# Personal milestone



## Robert Hudson (Feb 5, 2004)

Well, its been over a year now since I quit smoking! I can't tell you how good it feels, and how proud I am of myself! This was my third serious attempt, and the only time I went longer than six months. 

Now I suppose I need to work on all the extra weight I picked up! :?


----------



## cs_gardener (Apr 28, 2006)

\\/ Congratulations Robert! That is a great accomplishment and you should be proud of yourself. arty: 

Good luck on step 2, dealing with added pounds.


----------



## Bert H (Mar 2, 2004)

Congratulatioins Robert!


----------



## dennis (Mar 1, 2004)

Good for you. I remember a discussion with youa while back when you were starting to quit. Its tough but worth it. I am glad I stopped, though I miss it everyday.

How did you finally quite? I went "cold turkey" though I occasionally cheated and allowed myself a drag, after a few weeks when the nicotine was out of my system. I found what worked the best in the beginning was to drink water whenever I had a craving. That fulfills your oral fixation and also helps was the craving causing chemicals through your system. Healthier than eating too


----------



## Robert Hudson (Feb 5, 2004)

Yeah... I guess I will need to dust off my bike thats been in storage for to long!

I was reading about your rat problem Catherine. I thought that was just too funny! I would think your cats would take care of the problem. I had a cat in California who caught roof rats, moles, shrews, gofers, lizards, and pulled birds from a nest, (I didn't like that one) He was a good hunter. The two cats I have now never go outside.


----------



## Gomer (Feb 2, 2004)

Way to go Robert! That is more like a marathonstone then mile stone


----------



## Robert Hudson (Feb 5, 2004)

> How did you finally quite? I went "cold turkey" though I occasionally cheated and allowed myself a drag,


I used the patch. It was the only thing that I felt worked to wean me off of it. I also quit drinking which helped me not to "cheat". I quit drinking for a different reason... I have an ultzer so whenever I drank it really caused me pain. I was only a social drinker anyway, so it was no big deal. Avoiding places where people smoke made it much easier.

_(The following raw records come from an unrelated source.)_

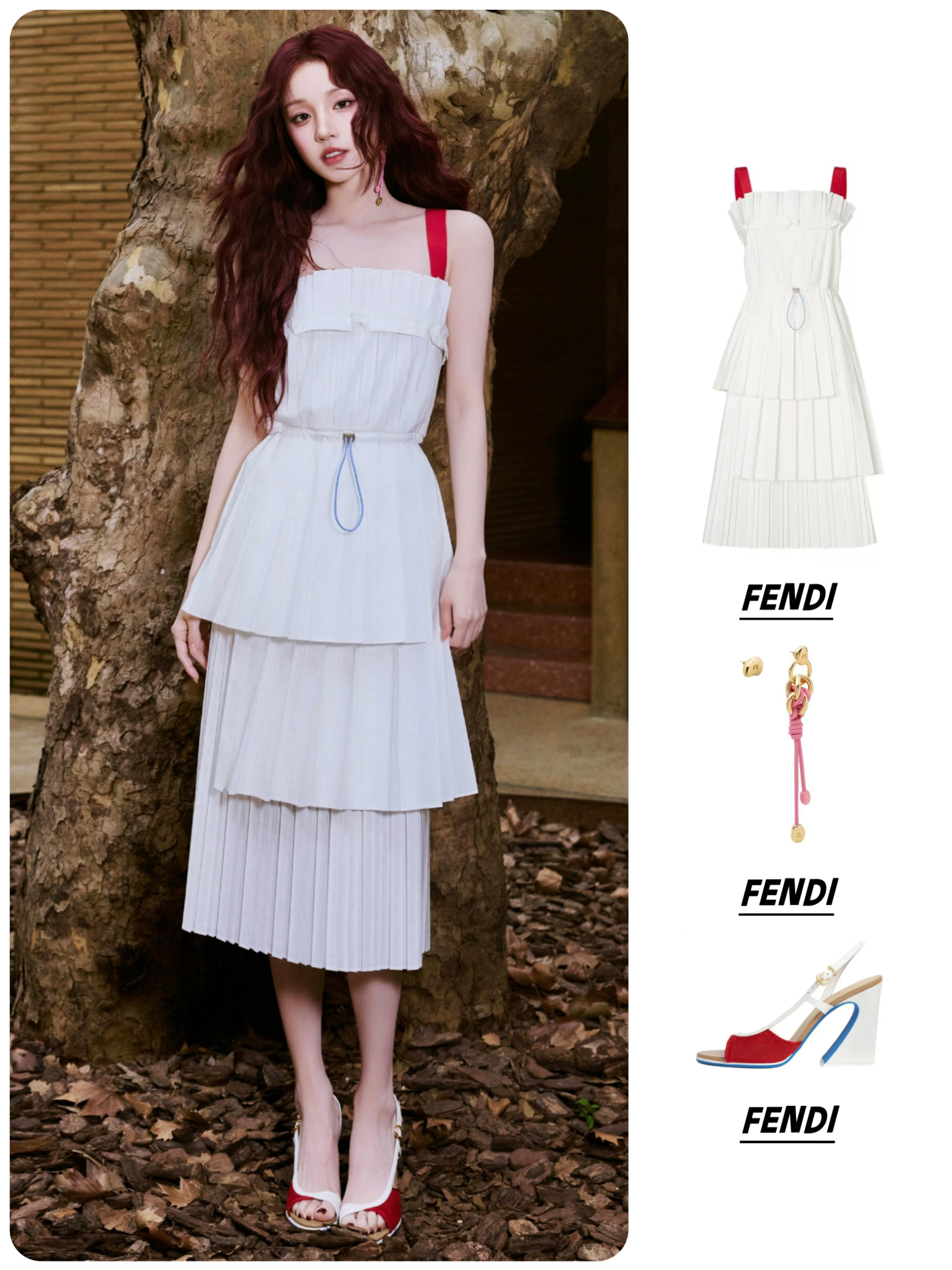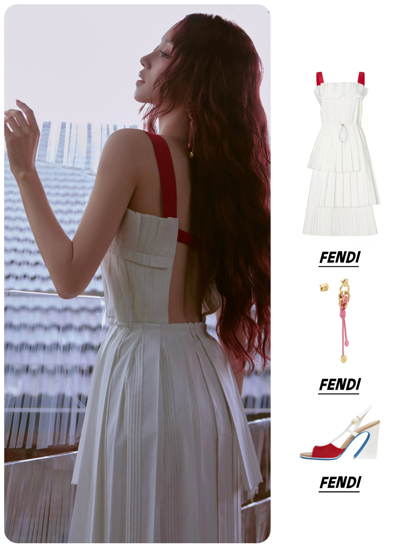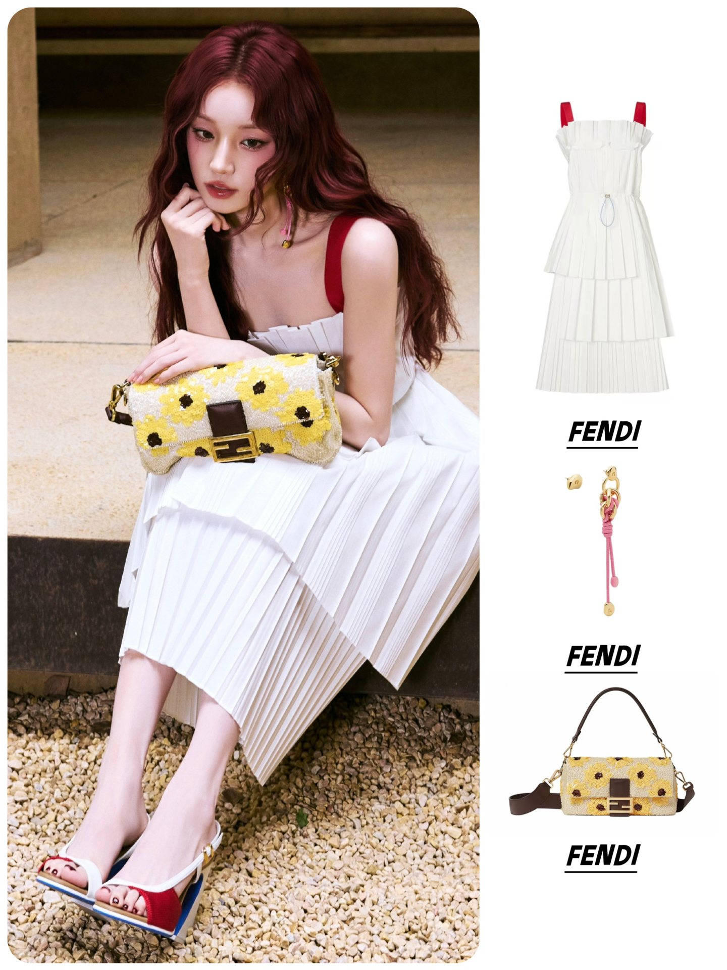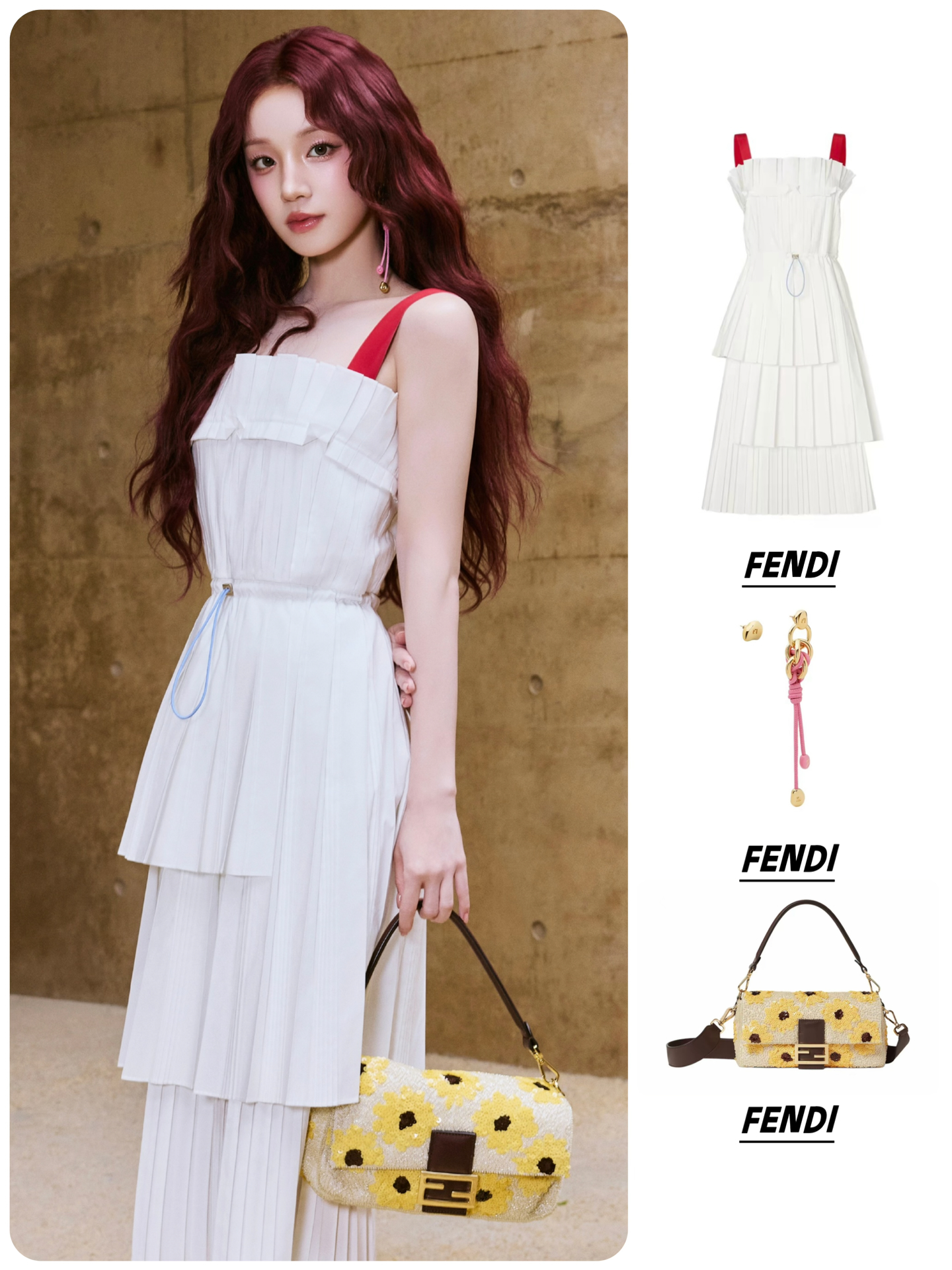 耳环:FENDI芬迪 不对称设计 铜合金 耳环 👗FENDI芬迪 SS26 不对称露背撞色肩带 无袖连衣裙 👜FENDI芬迪 Baguette 拼色花卉设计 棉拼亚麻 手提包 👠FENDI芬迪 Arco 皮革 小牛皮 圆头搭扣 一字带凉鞋
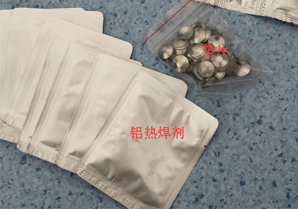 (3)然后依次將鋁熱焊劑、點(diǎn)火劑放置于銅片上部;
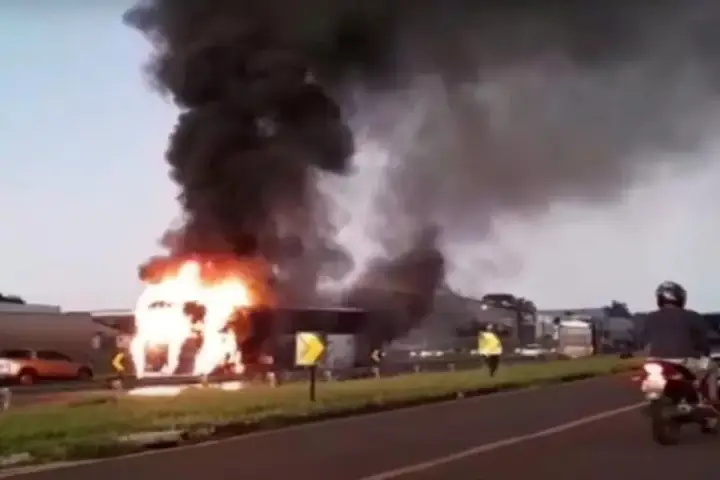 Um ônibus com turistas do interior de São Paulo pegou fogo no final da tarde desta terça-feira (15), em uma rodovia na região oeste do Paraná.
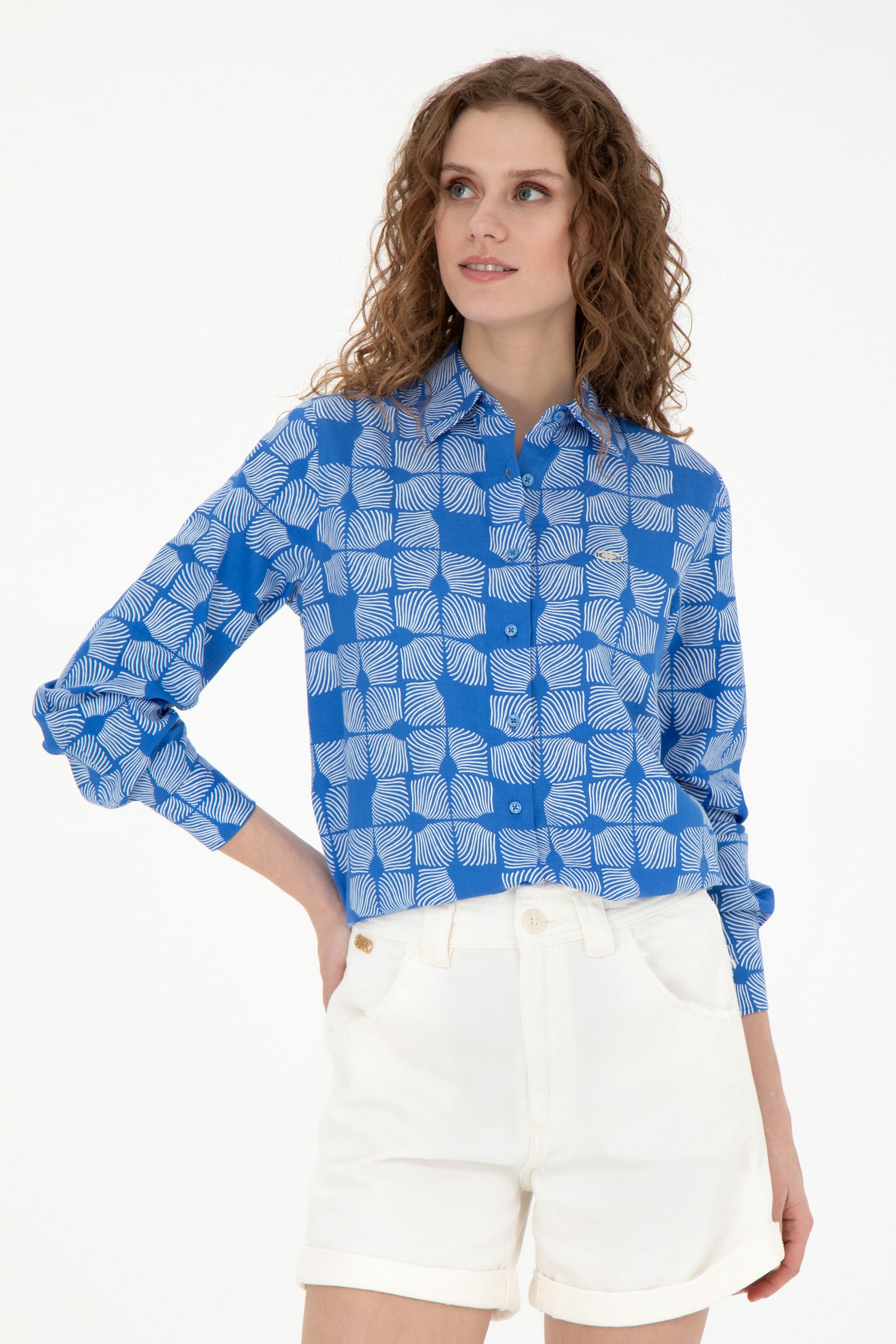 - Kadın Saks Uzun Kollu Gömlek

> Way to go Robert! That is more like a marathonstone then mile stone


Thanks Tony, it feels that way sometimes! The cravings are pretty much gone, and I don't have the reflex reactions to reach for a cig that isn't there, but once in a while I have a dream at night that I am smoking! Really rather strange.


----------



## cs_gardener (Apr 28, 2006)

Riding a bike is a great way to get out and about. Try and develop the habit now before the weather turns rainy. I know its much harder to get out on those dreary days. Fortunately for my health, I have a very active dog so not going out isn't an option.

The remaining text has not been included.